What you need to do:
Below are entries; copy exactly, and only, the lines from the one containing "下絵をしっかり描き、クレパス・絵の具を使って仕上げていきます。" through their final line, leaving out pictures.
───── Material for the task
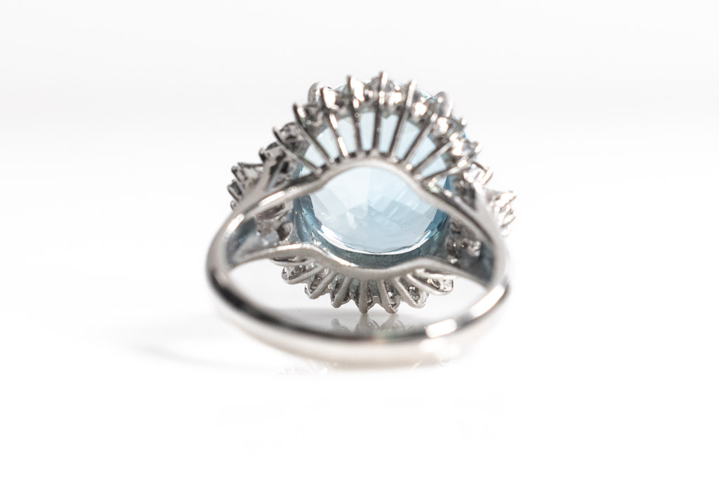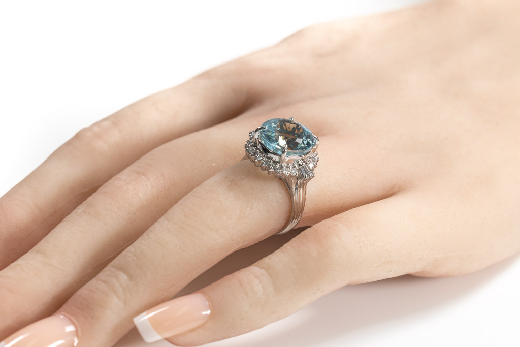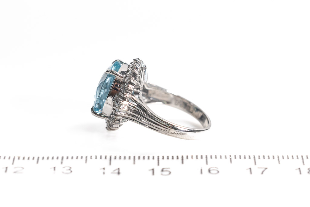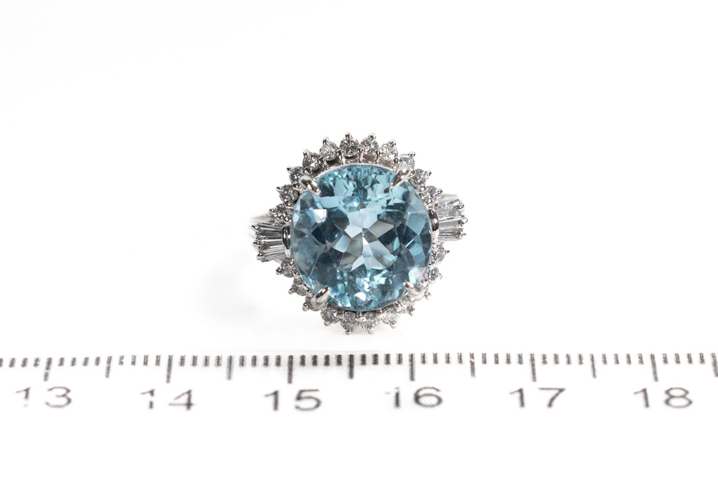 Aquamarine and Diamond ring with round Aquamarine of 6.34ct and round & baguette cut Diamonds totalling 0.53cts (Estimated grading: G SI). Platinum. Ring size J1/2. Weight: 8.1g. (Pre-owned)
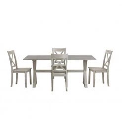 Jamestown 5-Piece Antique White Wash Wood Dining Set, Table Plus (4-Chairs) by Boraam
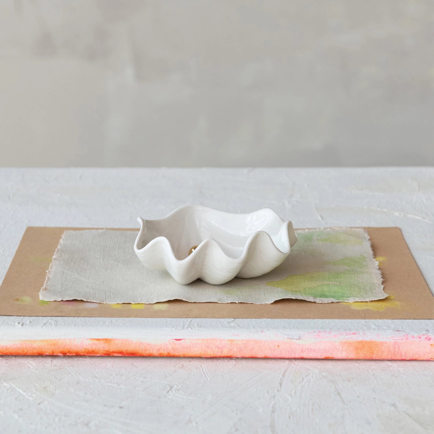 Stoneware Clam Shell Dish w/ Faux Pearl
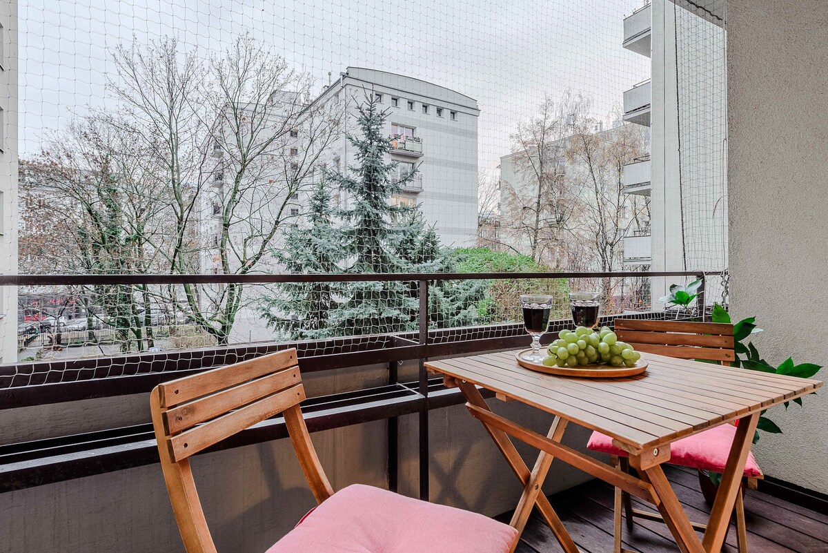 Willkommen in unserer tollen Wohnung im Herzen von Warszawa! Dieser stilvolle und gemütliche Rückzugsort verfügt über 2 komfortable Zimmer, die perfekt für 4 Gäste geeignet sind – eine ausgezeichnete Wahl für ein romantisches Wochenende oder eine Reise mit Freunden. Genieße den Komfort des geräumigen Wohnzimmers, in dem du dich nach einem anstrengenden Tag entspannen und unvergessliche Erinnerungen schaffen kannst. Mit modernen Annehmlichkeiten und einem stilvollen Design wird unsere Wohnung deinen Aufenthalt in Warszawа wirklich besonders und unvergesslich machen
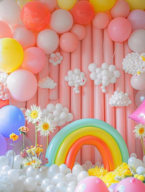 Birthday backdrop arrangement with vibrant colored balloons rainbow and clouds
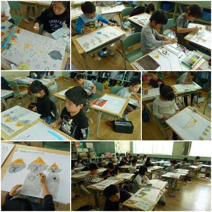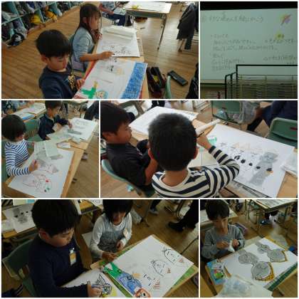 下絵をしっかり描き、クレパス・絵の具を使って仕上げていきます。
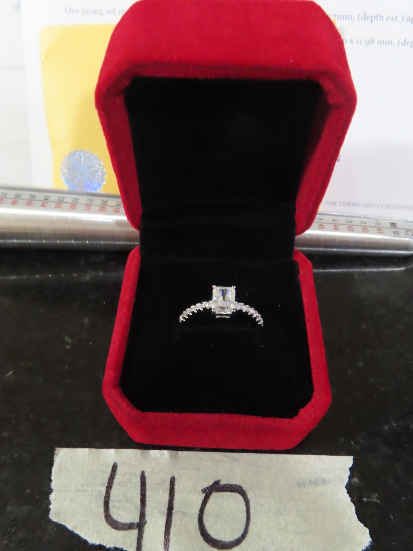1.00 CT GRA CERTIFIED RADIANT CUT MOISSANITE VVS D COLOR WITH 12 ROUND CUT CUBIC ZIRCONIUM SET IN SHANK WEIGHING A TOTAL 0.20 CT SET IN 925 SILVER RETAIL VALUE $1,000.00
──────────
Response to the task:
 下絵をしっかり描き、クレパス・絵の具を使って仕上げていきます。
1.00 CT GRA CERTIFIED RADIANT CUT MOISSANITE VVS D COLOR WITH 12 ROUND CUT CUBIC ZIRCONIUM SET IN SHANK WEIGHING A TOTAL 0.20 CT SET IN 925 SILVER RETAIL VALUE $1,000.00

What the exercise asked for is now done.